Geht es um seltsam benannte Titel aus dem deutschsprachigen Raum, so fällt mit Sicherheit der Name Gabor Schablitzki. So jedenfalls heißt der Thüringer Produzent Robag Wruhme, sofern man seinen Vornamen rückwärts liest und sich außerdem auf die kauzigen Fantasie-Wörter seiner Musik einlässt. Bei dieser ist Gabor nämlich nicht minder kreativ, wie sich anhand einer ordentlichen Palette von Titeln zeigt. Besonders als Teil des DJ-Duos Wighnomy Brothers, welches er gemeinsam mit Monkey Maffia alias Sören Bodner ganze 17 Jahre bis zum Ende 2009 mehr als erfolgreich am Leben hielt, sollte Gabor einen enormen Bekanntheitsgrad erlangen. Interessant ist hier auch, dass Gabor – obwohl sie als die Brüder genannt wurden – schon immer der alleinige Produzent gewesen sein soll. Remixe für Slam oder Minilogue aus seiner Feder wurden beachtliche Hits und ebenso beachtlich war auch sein Spektrum an Musik unter verschiedensten Namen. 2004 war es dann endlich soweit; Gabor debütierte mit seinem Album „Wuzzelbud KK“ auf dem Freude am Tanzen-Unterlabel Musik Krause, das aus experimentellem bis wuchtigem Minimalismus und sogar einer astreinen Pop-Nummer namens „K.T.B.“ bestand.

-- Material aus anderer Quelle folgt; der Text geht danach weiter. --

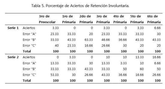 La Tabla 5 muestra el apartado retención involuntaria: repetición y evocación de dos series de palabras:“foco–duna–piel" /"bruma–gasa–luz". A pesar del incremento observado (acorde al grado escolar) el porcentaje de aciertos máximo es muy bajo 16.66%. De los cuatro apartados que conforman la evaluación de retención audio verbal, este fue el que obtuvo un menor número de respuestas correctas, por lo cual podemos señalar que el apartado de retención involuntaria es el que mayor complejidad presentó para los niños que integran esta muestra. Los errores de tipo C tienden a disminuir conforme avanza el grado escolar, no obstante, dicho error se encuentra presente en todos los grados escolares. El error que se presenta con mayor frecuencia es el tipo B, aunque es importante señalar que se observa una tendencia a disminuir en los últimos grados.

Ganze sieben Jahre sind seitdem vergangen. Sein aktuelles Album „Thora Vukk“, das nun auch schon seit ein paar Wochen auf DJ Kozes Pampa Records zu haben ist, knüpft allerdings eben nicht dort an wo man es wohl vermutet hätte. Beim ersten, zweiten und auch dritten Durchhören muss man leider feststellen und zugeben, etwas mehr erwartet zu haben. Denn abgesehen davon, das Gabors Konzeptalbum wie wirklich erwachsene elektronische Chill- und Tanzmusik klingt, bleibt erstmals das Neue und Besondere auf der Strecke. Gerade wenn wie bei „Bommsen Böff“ der Name des Labelbetreibers (also Koze) ebenfalls auftaucht, steigt die Erwartungshaltung schließlich ins Unermessliche. Herausgekommen ist sicherlich – und das gilt für alle zwölf Werke auf „Thora Vukk“- erstklassig produzierte Musik. Neuartiges lässt das Konzept-Album allerdings ein wenig vermissen.
Genau aus diesem Grunde gammelte das Album einige Tage vor sich hin, bevor mir persönlich immer wieder Teile daraus im Kopf herumschwirrten und mir langsam klar wurde, wieso ich nicht wie erhofft vor Freude beim ersten Hören aus den Latschen gekippt bin. Die warmen Melodien von Titeln wie dem Opener „Wupp Dek“ oder „Pnom Gobal“ verschmelzen zwar mit viel Liebe und leicht dadaistischen Vocals zu einem Album voller akustischem Sonnenschein. Auch die Übergänge, welche als „Brücke eins“ bis „Brücke fünf“ betitelt sind, lassen immer nochmals kurz die Thematiken aufschimmern und bieten ein paar verschrobene Soundsspielereien, sind aber dabei weniger ausgefallen als es ein Wruhme gekonnt hätte. Das ganze Album lädt eigentlich perfekt zum Gemecker auf hohem Niveau ein. Schöne Piano-Melodien wie in „Tulpa Ovi“ oder „Prognosen Bomm“ und durchgehend fantastische Arrangements sind nämlich nur ein Bruchteil dessen, was man erwartet hätte.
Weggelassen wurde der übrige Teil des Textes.